Journal of Pharmaceutical Research International

Background: Acinetobacter species are commonly found in nature, in water, and in soil, and also, and they have been isolated from humans and animals. In the hospital setting, Acinetobacter species has emerged as a major opportunistic pathogen, being able to colonize and develop infections in patients. In Acinetobacter species, β-lactamases and outer membrane alterations are likely to function together to impart resistance. Understanding the epidemiology, and resistance mechanism, and for infection management and preventing a potential global health crisis, techniques for identifying Carbapenem-Resistant-Acinetobacter species are essential.

Aim: To detect Metallo β-Lactamase (MBL) in Acinetobacter species with their antimicrobial susceptibility pattern.

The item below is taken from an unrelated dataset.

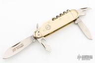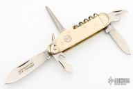 This knife by Boker compromises of 6 unique components: two blades, a can opener, cap lifter, leather punch, corkscrew and flathead screw driver. The handle is composed of white sclaes and nickel silver bolsters with brass liners. Comes with original box and papers. Excellent Condition. #36 of 300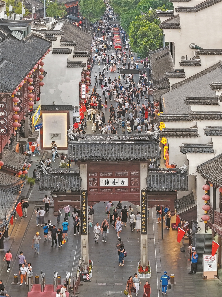 ▼10月7日,游客在江苏省南京市秦淮区的夫子庙景区休闲游玩(无人机照片)。新华社记者 李博 摄

Material and Methods: 100 Acinetobacter species isolates from various clinical samples such as blood, cerebrospinal fluid, sputum, bronchoalveolar lavage, pus, urine, wound swab, and body fluids were included in the study. Phenotypic tests such as, Disc Potentiation test & Modified Hodge test were used to detect the presence of Metallo β-lactamase in imipenem & meropenem-resistant isolates.

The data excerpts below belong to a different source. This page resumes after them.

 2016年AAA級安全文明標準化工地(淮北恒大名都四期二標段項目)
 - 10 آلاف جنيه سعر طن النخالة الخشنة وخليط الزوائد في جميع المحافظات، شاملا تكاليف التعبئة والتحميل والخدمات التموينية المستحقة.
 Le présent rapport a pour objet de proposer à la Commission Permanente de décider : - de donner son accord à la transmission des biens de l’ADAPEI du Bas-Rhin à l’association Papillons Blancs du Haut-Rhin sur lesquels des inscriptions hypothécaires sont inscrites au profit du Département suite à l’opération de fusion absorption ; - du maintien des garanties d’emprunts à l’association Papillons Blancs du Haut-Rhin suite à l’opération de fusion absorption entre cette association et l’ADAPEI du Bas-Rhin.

Results: The highest prevalence of Acinetobacter was found in blood (37%), followed by sputum (31%) and others [pus, urine, ascitic fluid, cerebrospinal fluid (CSF), bronchoalveolar Lavage (BAL), and pleural fluid]. A maximum number of Acinetobacter were isolated from MICU followed by medicine and surgery. The Modified Hodge test yielded the largest percentage of MBL-positive Acinetobacter isolates (67.26%) when compared to the Disc Potentiation test method (50.45%). Conclusion: Early detection of Metallo β-lactamase production is essential for planning appropriate treatment according to the resistance mechanisms of the multi-drug resistant strains, as well as for efficient infection control procedures to prevent the spread of infection.